Tuberculosis (TB) remains a deadly infectious disease, affecting millions of people worldwide. Although it is a global epidemic, TB predominantly affects populations in resource-poor countries, where 98% of all deaths due to TB occur (1). Worldwide, two billion people are latently infected with Mycobacterium tuberculosis (MTB). In 2005, 8.9 million new cases of TB were recorded, and 1.8 million deaths were attributed to the disease (2, 3). According to the World Health Organization (WHO), there were an estimated 500,000 cases of MDR-TB in 2007 (4). It is estimated that the actual number of new cases is three times the number of cases reported (5). One-third of 40 million people currently infected with human immunodeficiency virus (HIV) are co-infected with TB (6, 7). The changing patterns of global health events over the last two decades, particularly the spread of HIV and drug-resistant TB, have aided in posing serious healthcare problems, thus necessitating the advancement of alternative strategies for effectively combating these re-emerging problems. Strains of MTB resistant to anti-mycobacterial agents, including isoniazid (INH) and rifampicin (RIF), with or without resistance to other first-line drugs, have been reported worldwide (8). Recently-described extensively drug-resistant TB (XDR-TB) has been reported in South Africa (9–11).

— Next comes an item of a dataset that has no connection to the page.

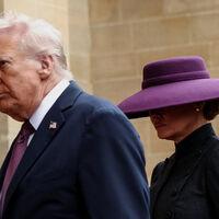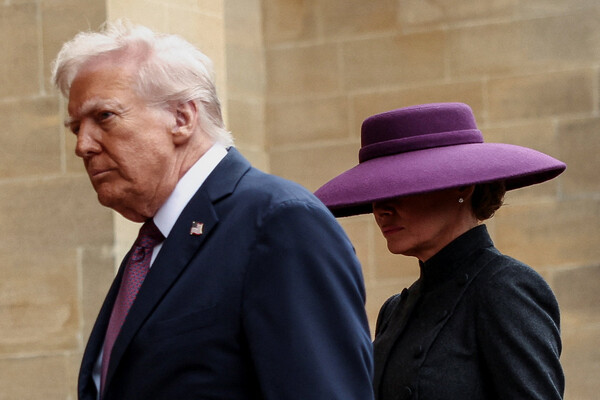 17 сентября Дональд Трамп и его жена Мелания прилетели в Великобританию. Супругов встретили у вертолета принц Уильям и Кейт Миддлтон. После этого их проводили на прием к королю Карлу III и королеве Камилле. Первая леди США появилась на публике в темно-сером костюме Christian Dior Haute Couture с юбкой, туфлях на каблуках и широкополой шерстяной шляпе фиолетового цвета.

The WHO recommends standardized TB treatment regimens based on short-course chemotherapy. The anti-TB drug regimen recommended for the treatment of new cases consists of two months of INH, RIF, pyrazinamide (PZA), and ethambutol (EMB) administration, followed by four months of INH and RIF (12). This treatment is usually effective against wild MTB strains that have never been exposed to anti-TB drugs for more than 30 days (13). The most common indicator of drug-resistant (DR) and multidrug-resistant tuberculosis (MDR-TB) is a history of incorrect treatment of TB (14, 15).
Continuous surveillance of primary (infection with a drug-resistant strain) and secondary drug resistance (selection and growth of resistant population) patterns of MTB is important in assessing the efficacy of chemotherapy regimens used in the past years and in detecting the problems in past treatments (16). Attention has focused on assessing the global burden of MDR-TB and predicting the future threat of this pathogen. Some investigators predict a global pandemic of MDR-TB whereas others see it as a local problem that can be managed by properly implementing the currently-recommended strategies (14). Despite this attention, there is little consensus on either the magnitude of the problem or its future trend.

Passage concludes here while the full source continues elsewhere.